In einem Interview hast du vor kurzem gesagt, dass Abba und Scooter in deinem Herzen an verschiedenen Stellen abgelegt sind. Kannst du das uns erläutern?

Mit ABBA bin ich aufgewachsen. Das wird bleiben für immer. Kindheitserinnerungen, Geborgenheit,ein wohliges Gefühl. Scooter sind auch irgendwie da, ich weiß aber ehrlich gesagt nicht warum. Ist aber schön.

Welche Idee steckt eigentlich hinter dem Video zu „Always Hardcore“? Zum einen diese grundlegende Melancholie in deiner Stimme und dazu diese fröhlich tanzenden Menschen?

Wir fanden es einfach passend. In Kombination mit der Musik wirken die tanzenden Menschen im Video irgendwie absurd und dadurch entsteht eine gewisse Melancholie. Das mag ich.

Jetzt sind die ersten beiden Singles jeweils Coverversionen. Man muss aber jetzt nicht befürchten, dass das ganze Album voller Covers ist?

Es gibt noch eine fertige Coverversion. Die gibt es dann zu Weihnachten. Unser richtiges Album ist ja fast fertig. Die Coverversionen sind nur Gimmicks. Jetzt sind erst einmal unsere eigenen Songs an der
Reihe.

Wann genau soll das Album erscheinen?

Album kommt wahrscheinlich Anfang 2015. Im Herbst wird es eine EP geben.

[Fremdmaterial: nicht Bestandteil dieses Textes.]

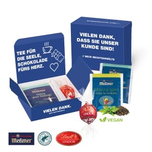 Artikel-Nr: CDL91745Ein Moment zum Durchatmen. Zwei aromatische Tees von Meßmer und eine zartschmelzende Lindor Praline von Lindt vereinen sich zu einem Moment purer Entspannung. Die hochwertige Box lässt sich individuell mit Ihrem Logo oder Design bedrucken und wird so zum perfekten Präsent für Kunden und Mitarbeiter. Ein genussvolles Dankeschön mit Stil.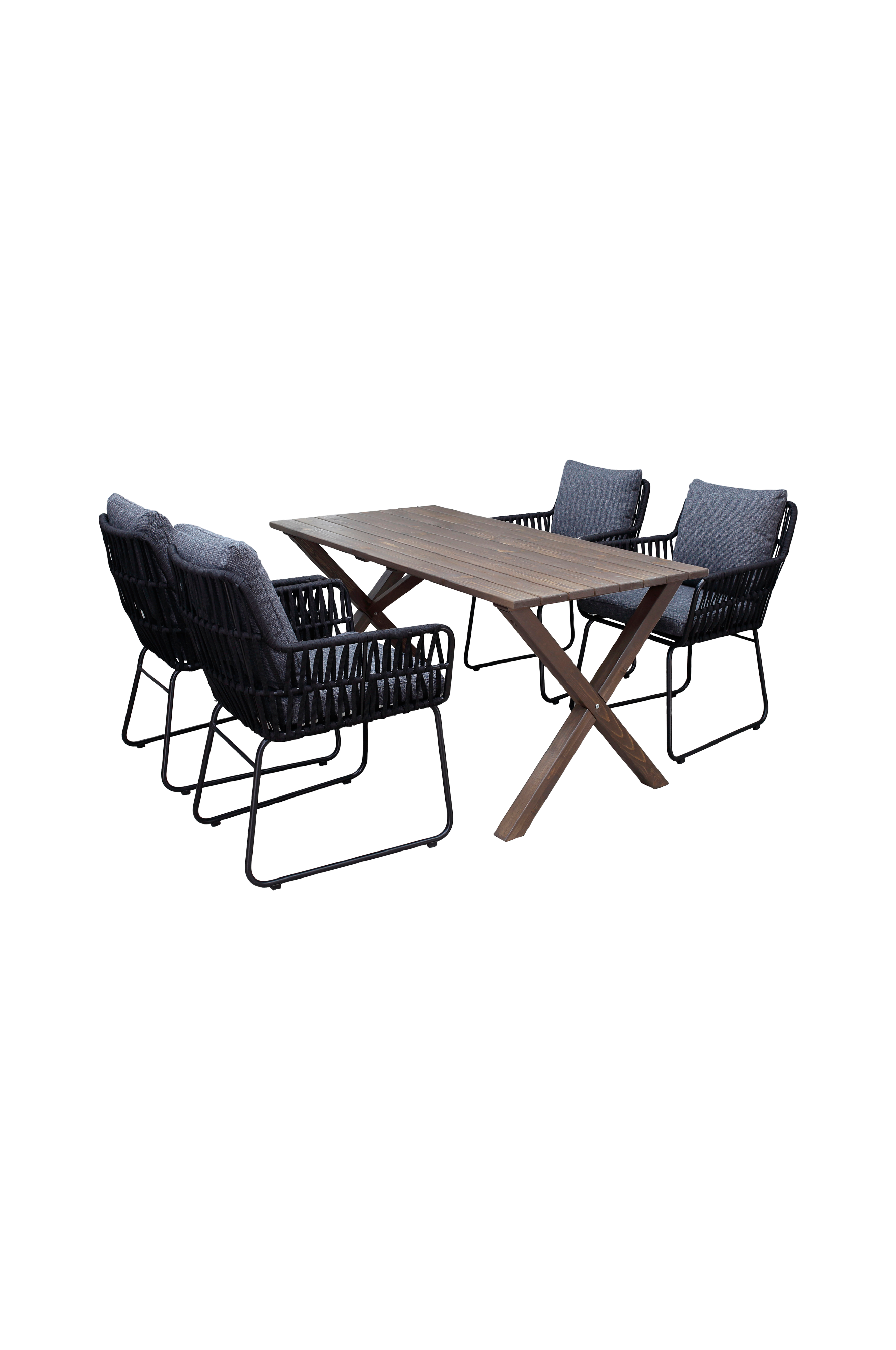 En modernt kombinerad trädgårdsmöbelset med ett rektangulärt bord i massivt trä med korslagda ben och bekväma rymliga fåtöljer i rep. Tillräckligt med plats för 4 personer.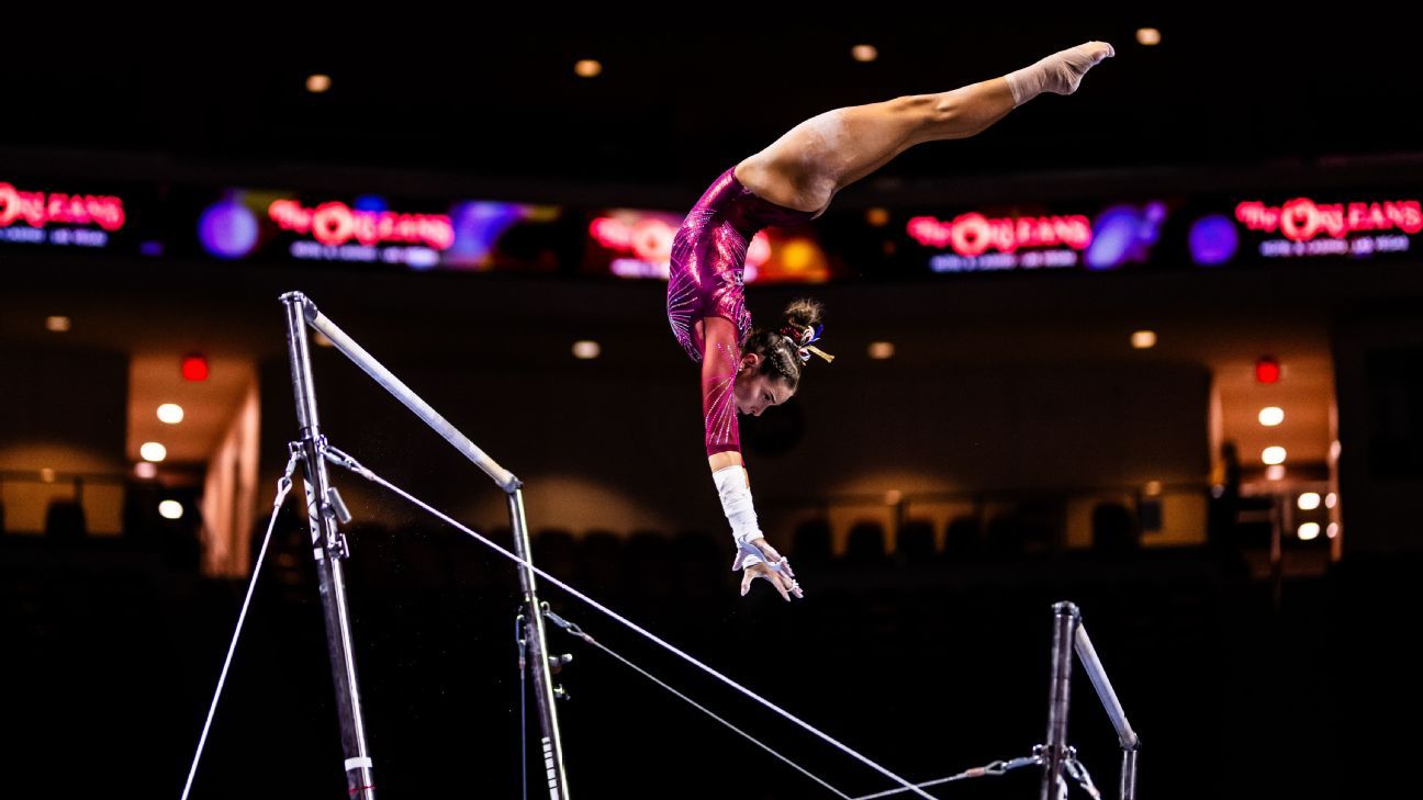 McClain became just the seventh gymnast in school history to earn the score on bars, and the first on the road since 2019. With a super-difficult opening release move, textbook lines and handstands and a perfectly stuck dismount, McClain more than lives up to the hype that preceded her arrival in Baton Rouge.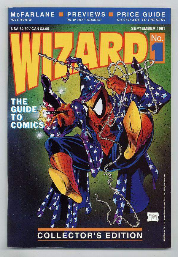 $65.00Direct Edition. Todd McFarlane interview on Spider-Man; a short history of Spider-Man; brief article on digital coloring; article on horror comics, past and present; Bill Campbell discusses the Rocketeer movie; article on comic book distributors. NO centerfold poster included. MAY or MAY NOT include a Survey/subscription insert. Cover price $2.50.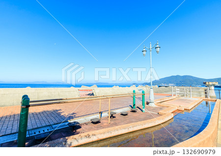 【長崎県】晴天の小浜温泉 足湯(ほっとふっと105)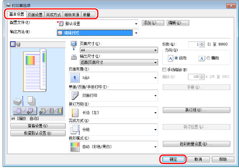 在打印机设置屏幕中指定所需的设置→单击[确定]。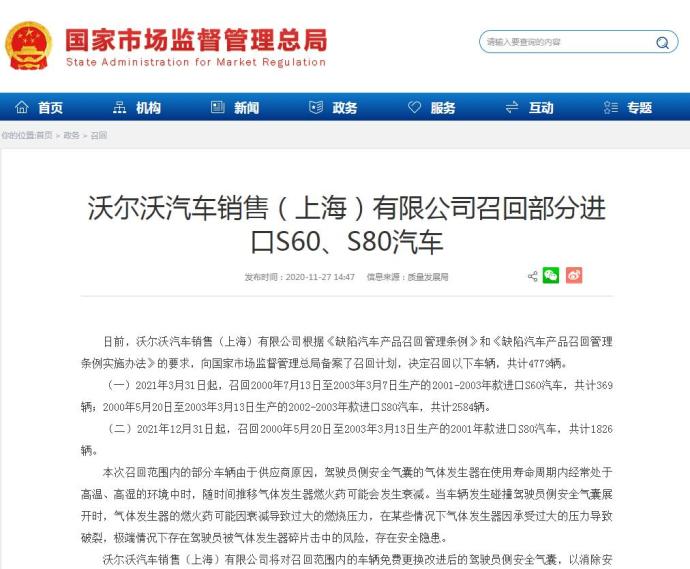 日前,沃尔沃汽车销售(上海)有限公司根据《缺陷汽车产品召回管理条例》和《缺陷汽车产品召回管理条例实施办法》的要求,向国家市场监督管理总局备案了召回计划,决定召回以下车辆,共计4779辆。(一)2021年3月31日起,召回2000年7月13日至2003年3月7日生产的2001-2003年款进口S60汽车,共计369辆;2000年5月20日至2003年3月13日生产的2002-2003年款进口S80汽车,共计2584辆。

Wird es eine Tour geben? Wie ist da der Stand der Dinge? Wie ich gelesen habe, werden Juli dieses Jahr auch noch ein Album veröffentlichen. Gibt es da zeitlich bei Jonas keine Probleme?

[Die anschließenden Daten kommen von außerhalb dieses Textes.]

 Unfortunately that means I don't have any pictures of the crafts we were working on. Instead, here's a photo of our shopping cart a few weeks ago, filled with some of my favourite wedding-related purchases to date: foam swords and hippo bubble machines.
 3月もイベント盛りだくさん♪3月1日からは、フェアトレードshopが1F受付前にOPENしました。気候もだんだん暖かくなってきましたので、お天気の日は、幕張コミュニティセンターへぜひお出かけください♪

Es wird einige Konzerte geben. Bis jetzt spielen wir am 22.08. in Köln und am 27.08. in Hamburg. Eine kleine Tour im Spätherbst ist auch angedacht. Zeitlich gibt es immer Probleme, aber wir haben eine gute Fee, die alles fest im Griff hat. Alles ist möglich. Man muss
nur planen.

Was bringt die weitere Zukunft bei dir? Irgendwelche konkreten Pläne oder lässt du alles erst einmal auf dich zukommen? Wäre ein neues KEN Album eine Option?

Wir nehmen gerade eine Doppel 7“ mit dem Künstler John Bock auf, welche im Laufe des Jahres auf EDITON FIEBER erscheinen wird. Das wird großartig. Mit KEN sind wir im Winter im Studio. Da wird es also im nächsten Jahr auch ein neues Album geben.